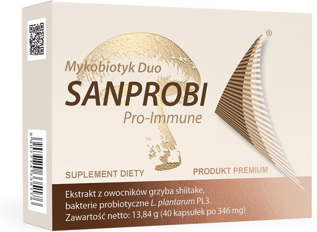 SANPROBI® Pro-Immune 40 kapsułek SANPROBI® Pro-Immune Mykobiotyk Duo SANPROBI® PRO-IMMUNE to suplement diety o unikalnym połączeniu grzybów oraz probiotyku, który uzupełnia codzienną dietę o bakterie probiotyczne L. plantarum PL3 – składnik mikrobioty jelitowej oraz polisacharydy i β-glukany grzyba shiitake. Substancje aktywne .tg {border-collapse:collapse;border-color:#93a1a1;border-spacing:0;} .tg td{background-color:#fdf6e3;border-color:#93a1a1;border-style:solid;border-width:1px;color:#002b36; font-family:Arial, sans-serif;font-size:14px;overflow:hidden;padding:10px 5px;word-break:normal;} .tg th{background-color:#657b83;border-color:#93a1a1;border-style:solid;border-width:1px;color:#fdf6e3; font-family:Arial, sans-serif;font-size:14px;font-weight:normal;overflow:hidden;padding:10px 5px;word-break:normal;} .tg .tg-cly1{text-align:left;vertical-align:middle} Składnik      1 kapsułka          2 kapsułki         Ekstrakt z owocników grzyba shiitake        250 mg        500 mg        o zawartości polisacharydów        75 mg        150 mg        i beta-1,3- i beta-1,6-D-glukanów        50 mg        100 mg        Całkowita liczba bakterii probiotycznych     Lactiplantibacillus plantarum PL3        0,5 × 10⁹ CFU*        1 × 10⁹ CFU*    *CFU – jednostki tworzące kolonię bakterii SANPROBI® Pro-Immune zawiera standaryzowany ekstrakt z owocników shiitake DER** 10:1. Jedna kapsułka SANPROBI® Pro-Immune zawiera 500 mg ekstraktu, co odpowiada około 5 g suszonych grzybów lub 50 g świeżych grzybów. W ekstrakcie z owocników shiitake występują m.in. lentinan, erytadenina oraz sterole i antyoksydanty. ** Wartość DER (ang. drug extract ratio) określa stosunek ilości surowca roślinnego do uzyskanego ekstraktu. Skład Ekstrakt z owocników grzyba shiitake (twardnik japoński, Lentinula edodes) DER 10:1; Lactiplantibacillus plantarum PL3, nośnik – celuloza mikrokrystaliczna; nośnik – sole magnezowe kwasów tłuszczowych; otoczka kapsułki: hydroksypropylometyloceluloza. Bakterie probiotyczne wchodzące w skład produktu zawierają mleko i produkty pochodne (łącznie z laktozą). Zalecane spożycie SANPROBI® Pro-Immune Zaleca się przyjmowanie 1 kapsułki dwa razy dziennie – rano i wieczorem – popijając szklanką wody. Ważne informacje o SANPROBI® Pro-Immune Produkt nie jest przeznaczony dla kobiet w ciąży lub karmiących piersią oraz dzieci poniżej 18 roku życia. Nie należy przekraczać zalecanej porcji do spożycia w ciągu dnia. Suplement diety nie może być stosowany jako substytut zróżnicowanej diety. Stosowanie produktu nie zwalnia od przestrzegania zasad zdrowego stylu życia (umiarkowanego wysiłku fizycznego i diety). Nie stosować w przypadku nadwrażliwości lub alergii na którykolwiek składnik produktu. Jeśli przyjmujesz leki, przed rozpoczęciem suplementacji skonsultuj się z lekarzem lub farmaceutą. Przechowywać w temperaturze pokojowej, nieprzekraczającej 25°C, w miejscu niedostępnym dla dzieci.
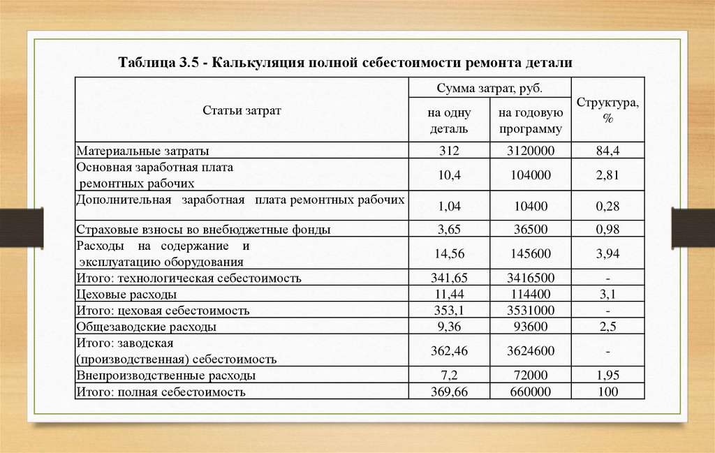 Таблица 3.5 - Калькуляция полной себестоимости ремонта деталиСумма затрат, руб.
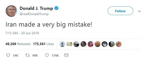 Twitter sáng này 20-6, ông Trump gọi hành động bắn hạ máy bay của Mỹ là phạm sai lầm lớn. Ảnh: Twitter
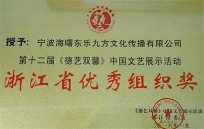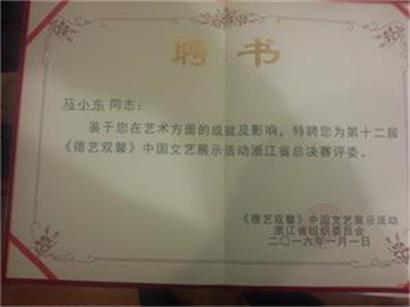 2016年1月1日,新年伊始,持续2个月的第十二届《德艺双馨》中国文艺展示活动浙江赛区总决赛终于在宁波九龙湖圆满落幕。我校校长马小东老师被聘为浙江省总决赛评委,多名参赛选手在会上均有不俗的表现,赢得了现在观众的阵阵掌声,获得了优秀的成绩,后我校被评为第十二届《德艺双馨》中国文艺展示活动浙江省优秀组织奖!

########

* **Try it**:
Transcribe only the lines from the line holding "Twitter sáng này" to the final line of the listing above. Keep them exact, include both ends, and skip the pictures.

* **Reply to the task**:
 Twitter sáng này 20-6, ông Trump gọi hành động bắn hạ máy bay của Mỹ là phạm sai lầm lớn. Ảnh: Twitter
 2016年1月1日,新年伊始,持续2个月的第十二届《德艺双馨》中国文艺展示活动浙江赛区总决赛终于在宁波九龙湖圆满落幕。我校校长马小东老师被聘为浙江省总决赛评委,多名参赛选手在会上均有不俗的表现,赢得了现在观众的阵阵掌声,获得了优秀的成绩,后我校被评为第十二届《德艺双馨》中国文艺展示活动浙江省优秀组织奖!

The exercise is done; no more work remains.